Material for this exercise:
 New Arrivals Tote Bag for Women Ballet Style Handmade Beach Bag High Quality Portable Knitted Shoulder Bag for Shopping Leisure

* * *

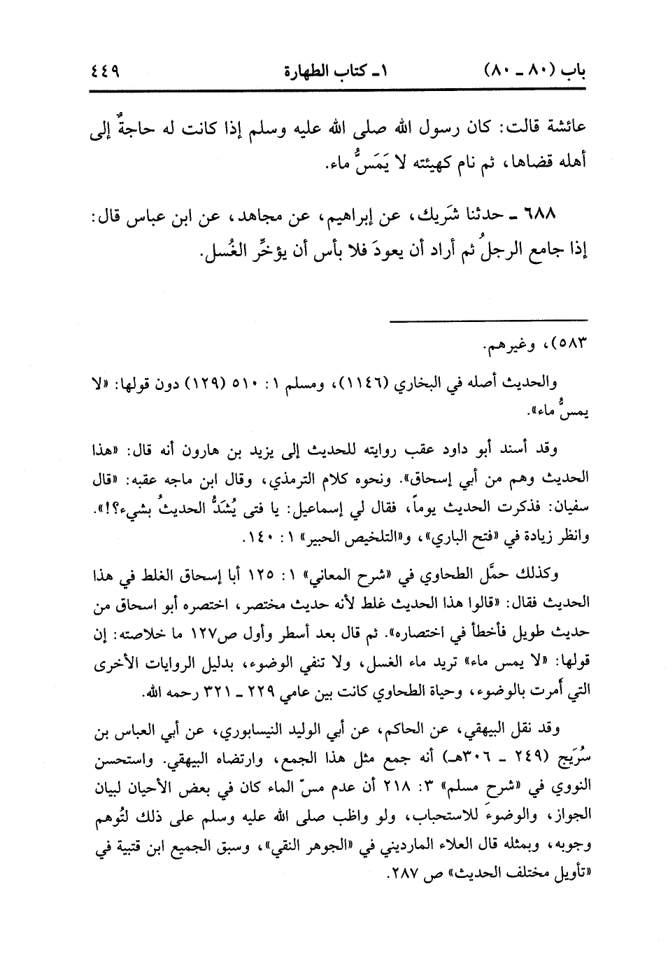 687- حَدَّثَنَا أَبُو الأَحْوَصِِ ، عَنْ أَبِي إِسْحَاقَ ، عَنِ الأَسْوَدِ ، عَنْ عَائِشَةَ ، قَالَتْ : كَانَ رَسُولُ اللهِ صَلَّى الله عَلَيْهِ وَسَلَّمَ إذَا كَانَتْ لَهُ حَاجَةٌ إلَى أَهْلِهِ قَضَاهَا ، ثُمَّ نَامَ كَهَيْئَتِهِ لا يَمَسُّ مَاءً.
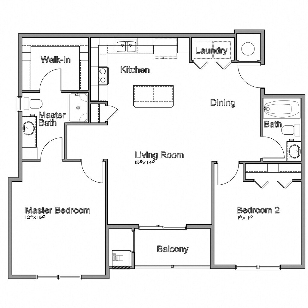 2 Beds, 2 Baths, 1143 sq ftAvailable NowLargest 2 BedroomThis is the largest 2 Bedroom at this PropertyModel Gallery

The problem: Please transcribe exactly the part of the records that opens with the line containing "687- حَدَّثَنَا أَبُو" and closes with the line containing "2 Beds, 2 Baths, 1143", both ends included, and leave out the pictures.

Output of the task:
 687- حَدَّثَنَا أَبُو الأَحْوَصِِ ، عَنْ أَبِي إِسْحَاقَ ، عَنِ الأَسْوَدِ ، عَنْ عَائِشَةَ ، قَالَتْ : كَانَ رَسُولُ اللهِ صَلَّى الله عَلَيْهِ وَسَلَّمَ إذَا كَانَتْ لَهُ حَاجَةٌ إلَى أَهْلِهِ قَضَاهَا ، ثُمَّ نَامَ كَهَيْئَتِهِ لا يَمَسُّ مَاءً.
 2 Beds, 2 Baths, 1143 sq ftAvailable NowLargest 2 BedroomThis is the largest 2 Bedroom at this PropertyModel Gallery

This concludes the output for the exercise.